Short Sales - The Success of the Sale May Be Doomed from the Start

By
Real Estate Broker/Owner with David Wain Realty, LLC

The offer killed the short saleMy Client Has Made a Difficult Decision

About 2 weeks ago a client called and said he wanted to discuss something with me. He is also a good friend and I said sure, what's going on? He went on to explain that he no longer wants to be dumping money into a house that is worth so much less than he paid. It doesn't make any sense to him but he doesn't just want to walk away either. He would like to short sell it. I told him to let me see what I think we can get for his house. After doing the required due diligence and preparing a CMA, I concluded that a fair price would be $349,000. He paid $505,000 in 2006 so for this area of South Florida, that is about right. Not over or under, just a fair price. After discussing the details, we decide to give some room for negotiations and list it at $359,000.

The Next Step

I did the normal things like enter the listing of the MLS, order the signage, syndicate the listing and feature it on my website. We immediately start getting calls from the usual inquisitive neighbors wanting to see what the price is. That was followed by the neighborhood stalkers - you know the folks who like to drive around looking for a house instead of calling a real estate agent to just search the MLS for them. The next day we receive calls from Realtors(R) and start making appointments.

The Next Day

One couple had been looking with their agent for almost a year. I know this agent and felt his pain. He contacted me and says after over forty homes, this is the one - the only one - they like. It is an extraordinary home and I can see why. He tells me the offer that he thinks they will come in should be $339,000. As my client's agent, I convey that information to him and while we don't have a contract yet, he says no to that offer. It arrives but they offer $320,000 and although he just wanted to reject the offer, I encourage him to show we will negotiate some but still show them where we want the offer to be. We go back at $355,000. They seemed shocked. this is a short sale after all.

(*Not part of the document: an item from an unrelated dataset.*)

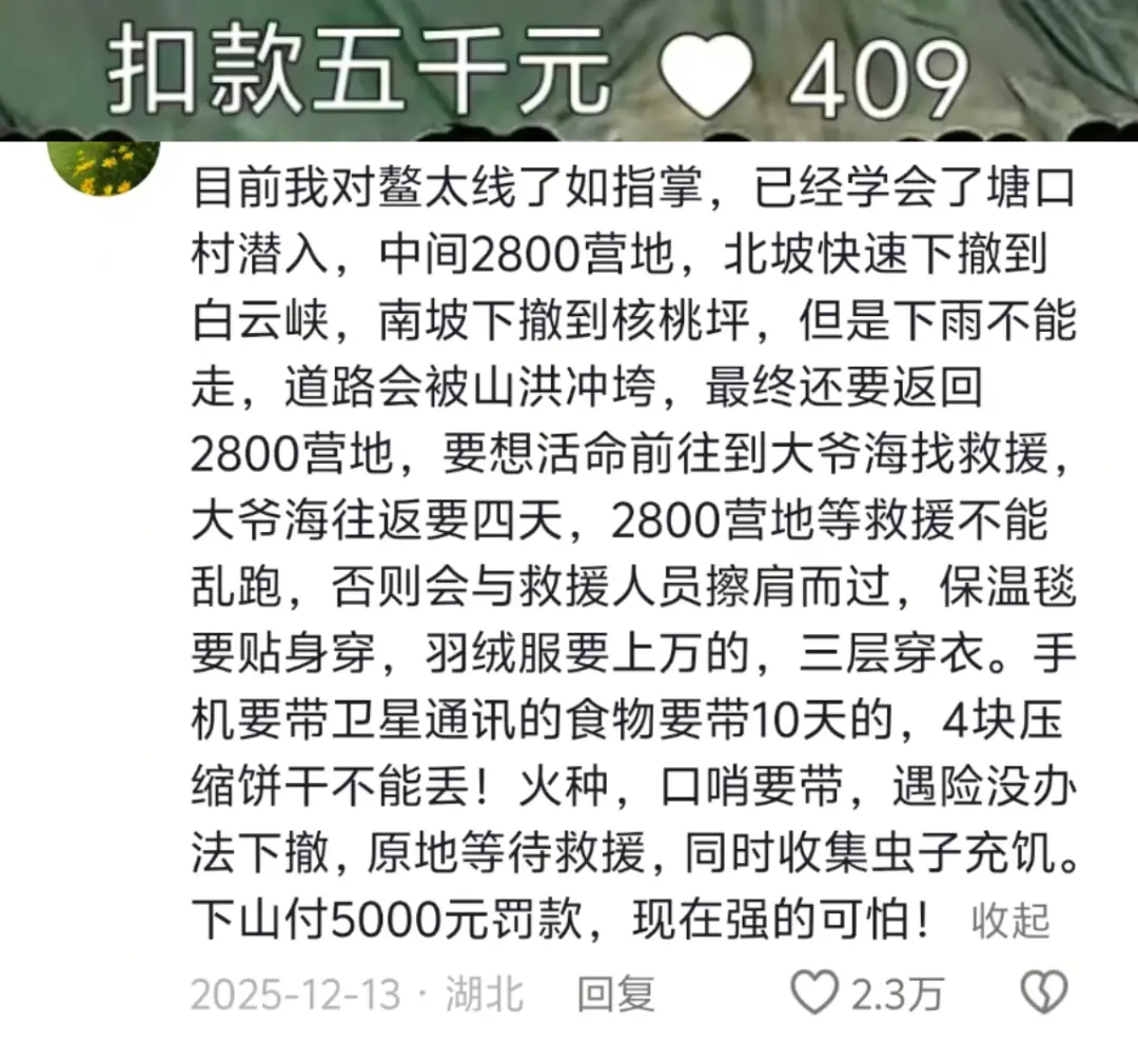 在许多鳌太线相关视频内,登山经验为0的网友们也能说出登山的点位名称,山顶一些驴友的葬身处被称为“万神殿”,而下山时被抓住罚款则被戏称为“下山付5000元门票”。

In a Short Sale It's Not What the Seller Will Agree to - It's What the Bank Will Accept

I explained to the other agent that my client wants to be as close to being sure that the bank will see this as a good offer as possible and therefore have a better chance of actually getting the short sale accepted. We have an experienced short sale negotiator/attorney working with us, so on our side, all our ducks are in a row. The agent called me back and said the highest they will go is $340,000. One point here, the short sale addendum does not specifically mention that we are in a multiple offer situation. I relayed the counter to my client. He was going to agree but I advised him to counter with a stipulation. He will take their price but will keep the home on the market OR $345,000 and only work with their offer. I never give up something while negotiating without getting something back! These buyers are strong - great credit, substantial down payment - so I felt that this was a safe way to go. They weren't happy but then again, they are also not my clients!

The Point Here Is To...

get the best price you can even if it is a short sale. The better the offer, the more likely the bank will accept the deal. I've seen some sellers take ANY offer, and wonder why they get foreclosed upon. The deal has to make sense to the bank and if they can get even more that $1 by foreclosing, you can bet that is what they will do!

All comments are welcome - what would you do?